I am having a terrible time trying to replace values in a numpy array and running up against a very strange behavior I was hoping someone could explain. Essentially I want to do a crossing over operation in a genetic algorithm. Here's a simple example. I have a 2 X 10 array, and want all the values in row 1 up to column 5 to be swapped with the values in row 2 up to column 5. Here's the code:
z=np.random.uniform(low=0,high=1,size=(2,10))
zcopy = z
print z
[[ 0.77488523 0.39966358 0.63233664 0.77093136 0.04102615 0.98984184
0.43402537 0.0910648 0.28037032 0.76654885]
[ 0.49980878 0.28161905 0.71972029 0.01208004 0.87851569 0.16853681
0.96325992 0.90886083 0.12344231 0.83665396]]
z[1,range(4)] = zcopy[0,range(4)]
print z
[[ 0.77488523 0.39966358 0.63233664 0.77093136 0.04102615 0.98984184
0.43402537 0.0910648 0.28037032 0.76654885]
[ 0.77488523 0.39966358 0.63233664 0.77093136 0.87851569 0.16853681
0.96325992 0.90886083 0.12344231 0.83665396]]

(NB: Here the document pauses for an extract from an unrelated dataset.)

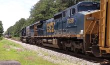 Previous Next CSXT SD50-2 8570 (ex-C&O) leads C40-8W 7358 (ex-CR 6193) and a line of autoracks southbound past AC44CW 515 holding with a military material special at Peachtree City, GA. Photo By Alan Page Equipment Type GE C40-8W Conrail Number 6193 Post Conrail Owner CSX Post Conrail Number CSX 7358 Year 2015 Original Date 6/25/15 Collection CRHS Conrail Photo Archive Contributions

As you can see it's just copied all of row 1 into both rows. But, if I don't specify a subset of another array but just give it say integers it works perfectly
z[1,range(4)] = range(4)
print z
[[ 0.77488523 0.39966358 0.63233664 0.77093136 0.04102615 0.98984184
0.43402537 0.0910648 0.28037032 0.76654885]
[ 0. 1. 2. 3. 0.87851569 0.16853681
0.96325992 0.90886083 0.12344231 0.83665396]]
I'm rather perplexed. Does anyone have any idea how to work around this?